(Available data begins)

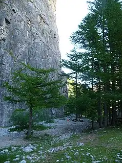 The first edition of Sportroccia was organized in 1985 on the initiative of Andrea Mellano, a strong climber of the '60s and a member of the Italian Academic Alpine Club, and the journalist and writer Emmanuel Cassara. The jury was composed of Riccardo Cassin, Oscar Soravito, Maurizio Zanolla and Heinz Mariacher.[3] The competition was contested on the Parete dei Militi (Wall of the Soldiers) in Valle Stretta, near Bardonecchia. The fact that the races were held on the rock and not on artificial walls put the organizers in the vanguard of several issues that eventually led to moving climbing competitions to artificial walls only.
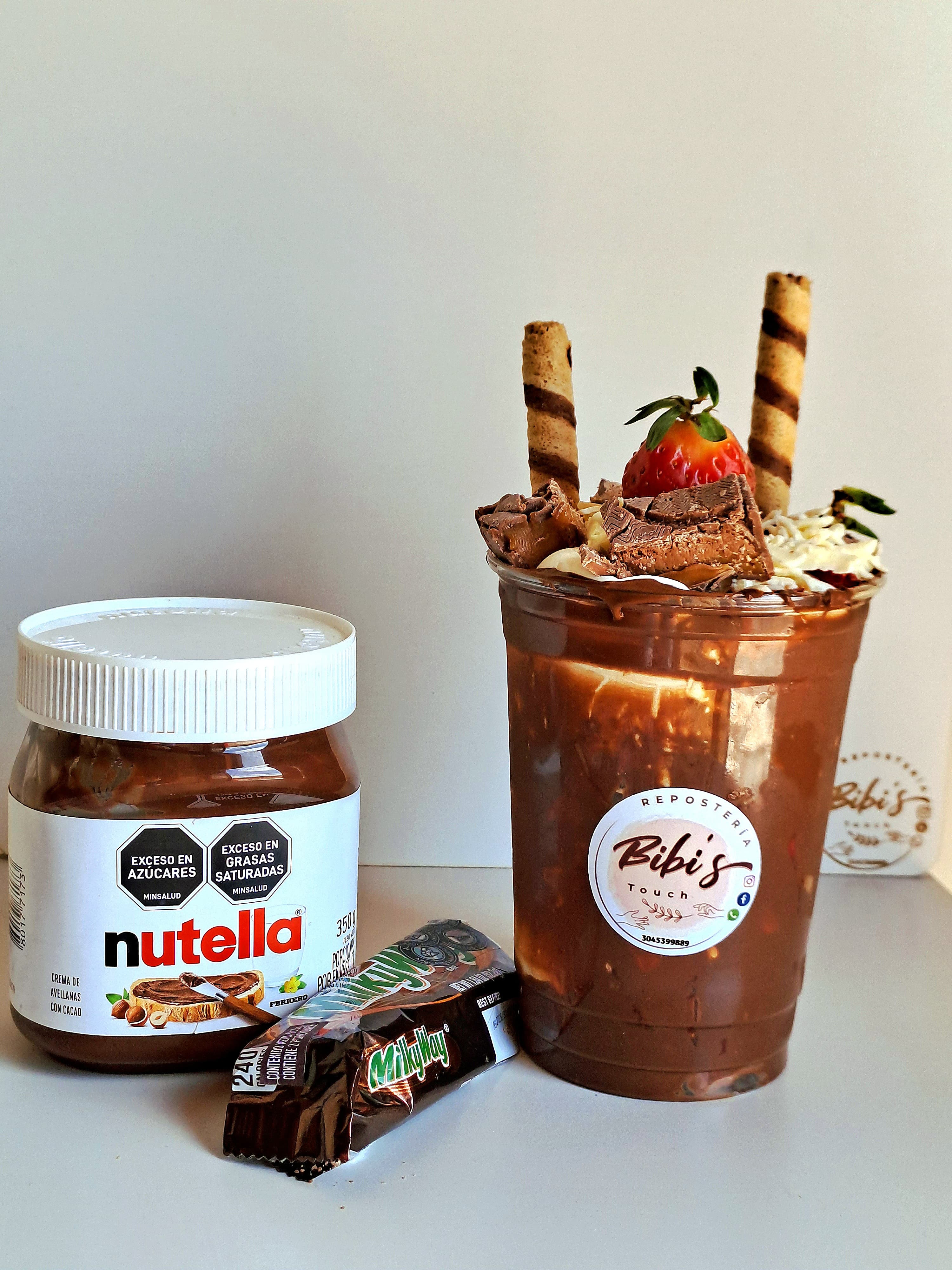 Fresas, crema especial, lecherita, salsa Hershey´s, queso, Oreo, chocoramo, m&m's, masmelos, lluvia de chocolate, vaso 24 oz.
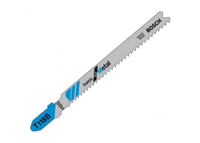 - Пилка Basic for Metal T 118 G виготовлена з високолегованої швидкорізальної сталі HSS, яку використовують у виробництві оснащення для металообробки. Цьому твердому полотну властиві висока здатність навантаження та довгострокова працездатність.
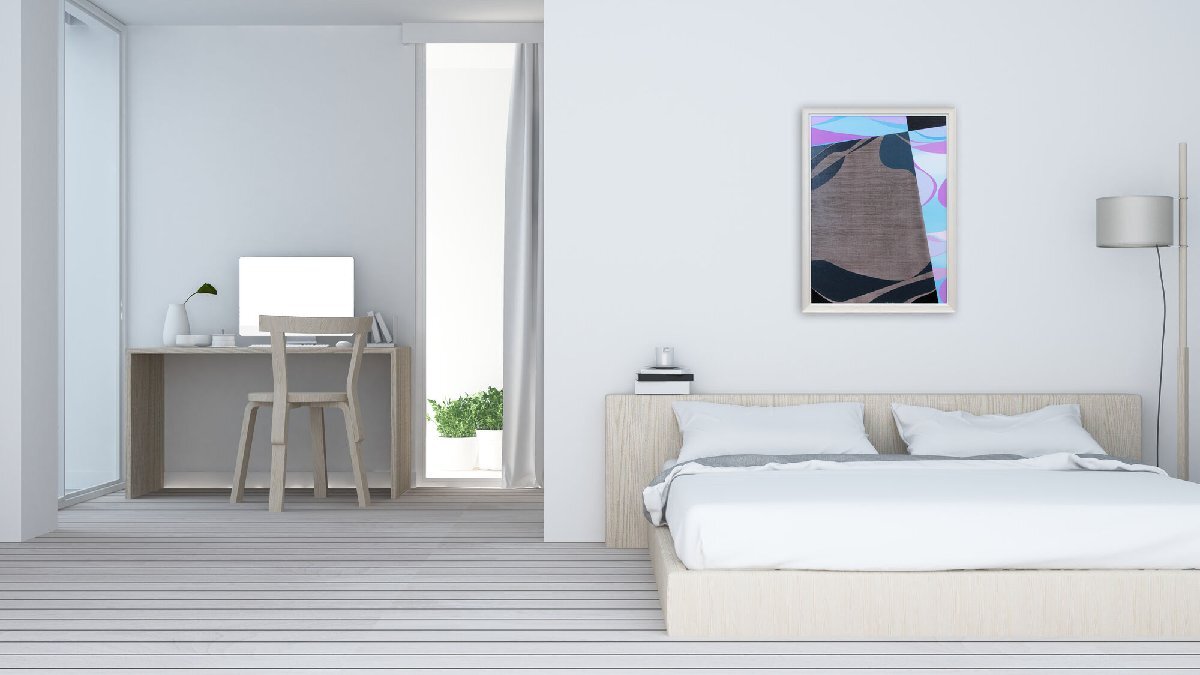 日本らしい形や色彩で情感豊かに描かれた抽象画

(Available data ends)

What is needed is an exact copy of all the data, with no images in it.

 The first edition of Sportroccia was organized in 1985 on the initiative of Andrea Mellano, a strong climber of the '60s and a member of the Italian Academic Alpine Club, and the journalist and writer Emmanuel Cassara. The jury was composed of Riccardo Cassin, Oscar Soravito, Maurizio Zanolla and Heinz Mariacher.[3] The competition was contested on the Parete dei Militi (Wall of the Soldiers) in Valle Stretta, near Bardonecchia. The fact that the races were held on the rock and not on artificial walls put the organizers in the vanguard of several issues that eventually led to moving climbing competitions to artificial walls only.
 Fresas, crema especial, lecherita, salsa Hershey´s, queso, Oreo, chocoramo, m&m's, masmelos, lluvia de chocolate, vaso 24 oz.
 - Пилка Basic for Metal T 118 G виготовлена з високолегованої швидкорізальної сталі HSS, яку використовують у виробництві оснащення для металообробки. Цьому твердому полотну властиві висока здатність навантаження та довгострокова працездатність.
 日本らしい形や色彩で情感豊かに描かれた抽象画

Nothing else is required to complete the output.